I’ve been getting into the Netflix series The Haunting of Hill House. And finished watching season 2 of the new Lost in Space. Yeah, not a very productive day.

New content today:

COVID cancellations

A while ago I’d booked a trip away over Easter, planning to do a road trip with my wife and Scully. We found a motel with a pet-friendly room at Mudgee, one of our favourite country town destinations, and a suitable AirBnB in another town making a nice loop from Sydney, with a couple of nights in each place. I also booked a couple of our favourite restaurants in Mudgee. We’ve been looking forward to this trip for a while.

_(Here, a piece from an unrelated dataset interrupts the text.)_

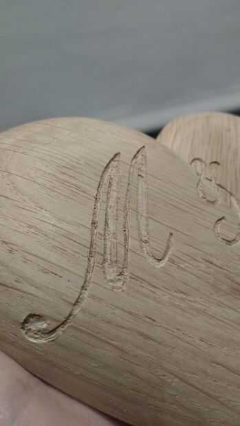Cuando la forma es agradable y suave, dibuja las letras en el ingenio madera de un lápiz. He elegido el mismo lettertype como fue utilizado en la inventation de la boda. Para tallar las letras he utilizado dos nives de tallado en madera. Más importante es que cortan los nives! Las letras no tienen que ser tallado profundo, aprox. 1 mm es lo suficientemente profundo.
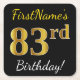 Black, Faux Gold 83rd Birthday + Custom Name Square Paper Coaster

But with the coronavirus situation in Australia getting progressively more serious by the day, and the very real possibility of travel restrictions being imposed, as well as the thought of possibly spreading the disease even if travel is not restricted, we’re reconsidering our plans. We decided to cancel the AirBnB today, but leave the Mudgee accommodation for the time being. Realistically I think it’s unlikely we’ll be able to go, so at some point that will probably have to be cancelled too, as well as the restaurant reservations.

It’s a shame because besides having a trip ourselves, I really wanted to help the rural communities by visiting and spending some money there. The good news is that AirBnB announced just today that they’d be refunding all prepaid bookings, including the normally non-refundable fees, and they’d also not be charging the hosts for cancelled bookings (which normally they’d do, apparently). So at least both we and our cancelled host haven’t lost anything because of this cancellation.

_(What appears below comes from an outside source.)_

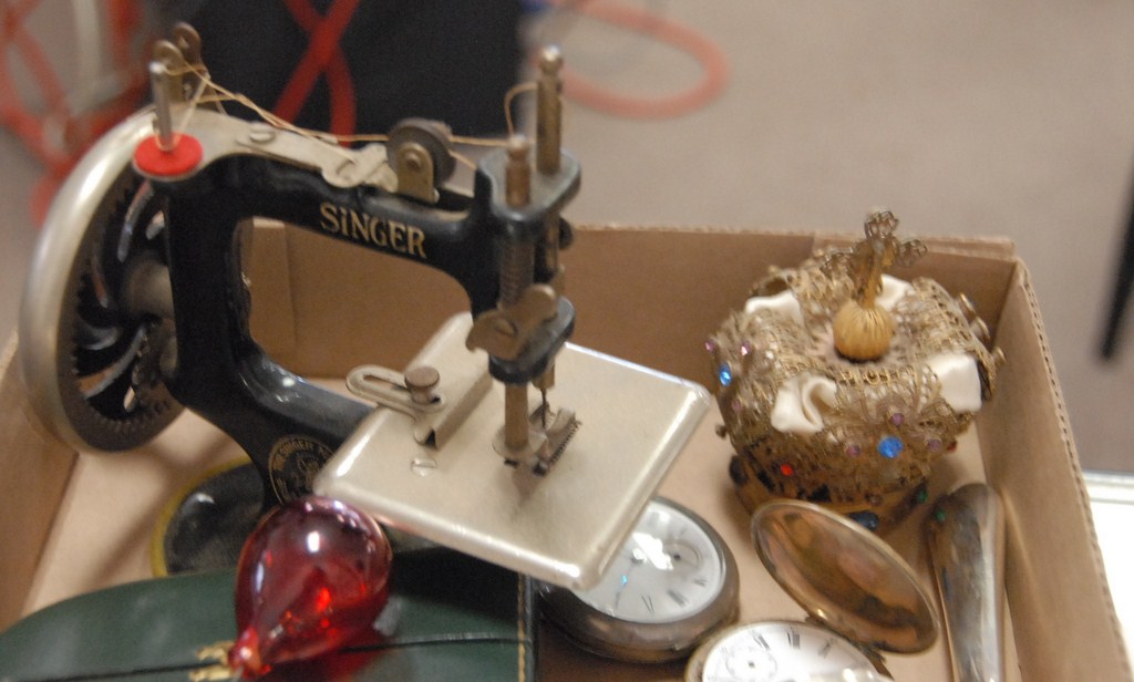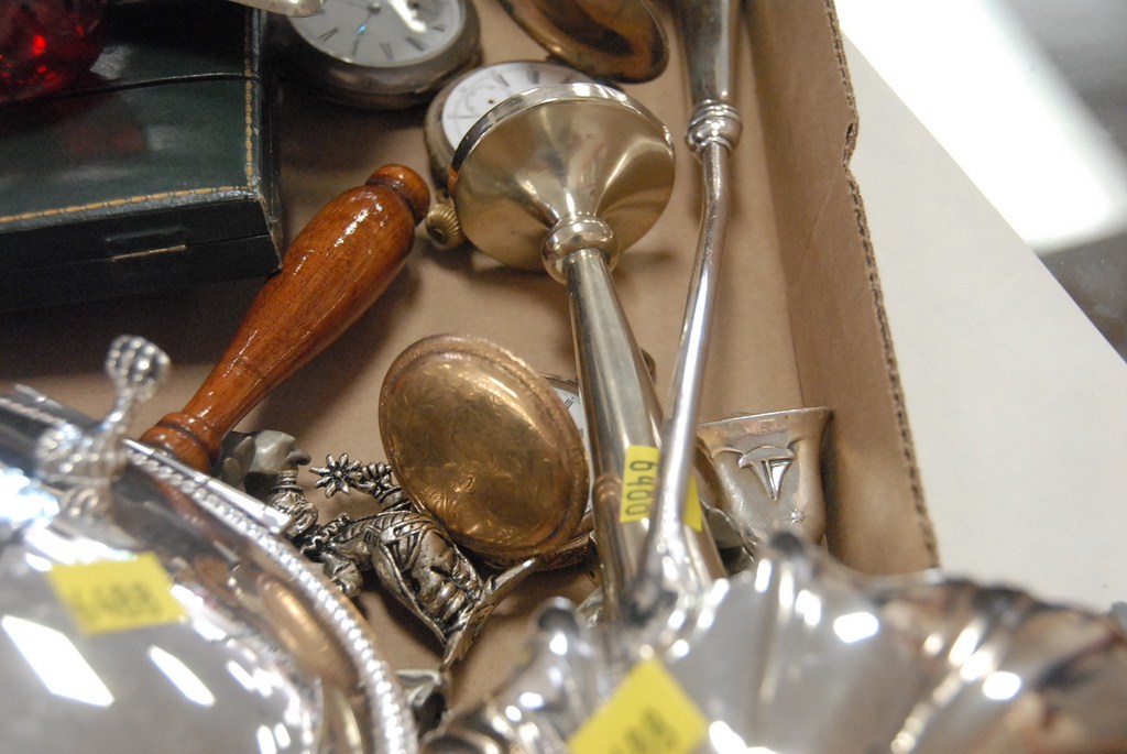 Group to include three pocket watches, small decorative crown, miniature sewing machine, group of Hudson Fine Pewter figures, and some misc. silverplate items. Provenance: Estate of Judy Gengras McDonough of West Hartford, CT.

Other than that, today I took a longish walk to a nearby suburb in search of some prebaked pizza bases, which we use to make pizzas for dinner at home. I tried to buy some the other day in my local supermarket, but they’d sold out, so I decided to try elsewhere today, and get a bit of extra exercise while at it. I found them, and enjoyed the time out in the warm autumn day.

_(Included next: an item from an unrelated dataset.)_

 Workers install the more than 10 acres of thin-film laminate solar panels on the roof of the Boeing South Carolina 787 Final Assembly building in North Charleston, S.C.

At home today I mostly worked on writing some more Darths & Droids comics.

New content today:

A day out to the north

With my market day cancelled (as mentioned yesterday), I took the opportunity to go on a short day trip with my wife and Scully. We drove north to the outskirts of Sydney, stopping first at the suburb of Berowra, which is secluded in a pocket surrounded by undeveloped bushland. We stopped first at a place named Barnett’s Playground, at the end of a street. Leading from the playground was a short walking track that proceeded to the edge of a steep drop from the ridge down to Berowra Creek far below. Here was Barnetts Lookout (no apostrophe, since designated place names in Australia are decreed to never have apostrophes – the playground, not being a designated place, is allowed to have an apostrophe).

Berowra Creek

After admiring the view for a while we took Berowra Waters Road down the hill to Berowra Waters, a tiny village on the creek. There is no bridge, and the only way to cross the creek is by boat.

Berowra Waters wharf

Scully enjoyed the view too.

Scully checking out Berowra Waters

From here we drove back up the hill and further north to Pie in the Sky at Cowan, a popular roadside establishment that sells meat pies, mostly frequented by motorbike riders taking the narrow, winding old highway north rather than the newer and faster but boring freeway. Here we had lunch (I had one of the chicken, honey, and mustard pies and a Moroccan lamb pie), and also enjoyed the sky-high view east towards the Hawkesbury River and across Ku-Ring-Gai Chase National Park.

Hawkesbury from Pie in the Sky

Tummies full, we headed back towards home, but stopped one more time, taking an unsealed road into the Muogamarra Nature Reserve. At the end of the road we left the car and took a short walk into the bush. It was peaceful and remote, and we could hear numerous birds flitting around in the vegetation. However Australian scrubland birds tend to be very active and never sit still for very long. But I waited patiently and got a few photos.

Variegated fairywren, male

Variegated fairywren, female

These are male and female variegated fairywrens.

We headed home, and as we drove south the weather closed in and rain fell, fortunately after we were done exploring for the day.